Sorokowska ise, “HLA, eş seçimimizi etkilemese de cinsel sıhhatimizi etkiliyor” diyor.
Mahmut, doğuştan anosmisi, yani koku kaybı olan şahısların daha berbat münasebet sonuçlarına sahip olduğunu öne sürüyor.
Çalışmaya katılan evli çiftler ortasında tesadüfen HLA farklılığı gösteren çiftlerin cinsel tatmin ve çocuk yapma isteğinin en yüksek düzeyde olduğu gözlemlendi.
HLA ve üreme ortasındaki bu bağ daha çok bayanların eş seçimini etkilediği düşünülüyor. Çalışmada HLA benzerliği gösteren erkeklerle evlenen bayanların cinsel isteksizlik yaşadığı ve çocuk yapma dileklerinin düşük olduğu gözlemlendi.
Ancak farklı araştırmaların sonuçlarına bakılınca bu bahiste kesin bir sonuca varmak şimdi mümkün değil.
Evrimsel biyologlar, bayanların HLA ile temaslı olarak eş seçtiği teorisinin mantıklı olduğunu düşünüyor.
Uzmanlar tabiatta dişi hayvanların yavrularının sağlıklı olmasını istediği için çoklukla genetik olarak üstün erkekleri seçmeye çalıştığını ve birtakım ipuçları aradığını, erkeklerin de genetik üstünlüklerini kanıtlamak için daha renkli olduğunu, dans ettiğini, müzik söylediğini ve dişilere ikramlar verdiğini söylüyor.
Neden beden kokusuna bağlı olarak eş seçmiyoruz?
Bazı kokuları tercih ettiğimizi söylesek de pratikte seçimlerimizi kokuya bağlı olarak yaptığımızı söylemek pek mümkün değil.

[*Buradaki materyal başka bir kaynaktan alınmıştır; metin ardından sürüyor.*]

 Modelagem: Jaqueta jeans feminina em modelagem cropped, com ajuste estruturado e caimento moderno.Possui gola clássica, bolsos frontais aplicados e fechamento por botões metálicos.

Bunun sebeplerinden biri, gerçek hayat senaryolarının koku ile edindiğimiz bilgiyi hakikat halde yorumlayıp kullanmamızı zorlaştırdığı ve öteki duyularımız ile edindiğimiz yeni bilgilerin durumu çok karmaşık hale getirmesi.

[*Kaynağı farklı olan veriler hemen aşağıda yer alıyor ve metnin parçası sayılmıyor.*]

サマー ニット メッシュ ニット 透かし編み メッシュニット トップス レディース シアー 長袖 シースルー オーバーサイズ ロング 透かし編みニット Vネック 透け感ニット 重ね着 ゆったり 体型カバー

Sorokowska, bir insanın nevrotik bir yapıda olup olmadığını yalnızca beden kokusuyla değerlendirebildiğimizi, lakin tıpkı anda o kişinin fotoğrafına baktığımızda başımızın karıştığını anlatıyor.
Sorokowska, “Vücut kokusu bir insanın nevrotik olup olmadığını pahalandırmak için daha yanlışsız bir kıstas, ancak görme duyusu daha kolay, o yüzden o kişiyi koklamak yerine yüzüne bakmayı seçiyoruz” diyor.
“Binlerce yıldır nasıl koktuğumuzu saklamaya çalıştık”
Mahmut’un yaptığı bir diğer çalışmada, bekar erkeklerin beden kokusunun evli erkeklerden daha baskın olduğu tespit edildi.
Mahmut bunun testosteron düzeyleriyle ilişkili olabileceğini düşünüyor ve evli erkeklerin yaşlandıkça testosteron düzeylerinin düşmesiyle beden kokularının da azaldığını öne sürüyor.
Peki insanların genetik özellikleri ve üreme kabiliyetleri hakkında bilgilerin beden kokularında zımnî olduğunu biliyorsak bunu eş seçimlerinde neden değerlendirmiyoruz?
Sorokowska bu soruyu, “Eğer gayeniz genleri güçlü olan bir eş bulmak ise o vakit kokuları değerlendirmenizde yarar var. Lakin birçok kişi için öncelik bu değil” diye yanıtlıyor.
Mahmut ise, “Vücut kokusunun hayatımızdaki kıymeti azaldı. Binlerce yıl boyunca nasıl koktuğumuzu saklamaya çalıştık” diyor.
* Bu haber BBC Türkçe’de birinci defa 1 Ocak 2022’de yayımlandı.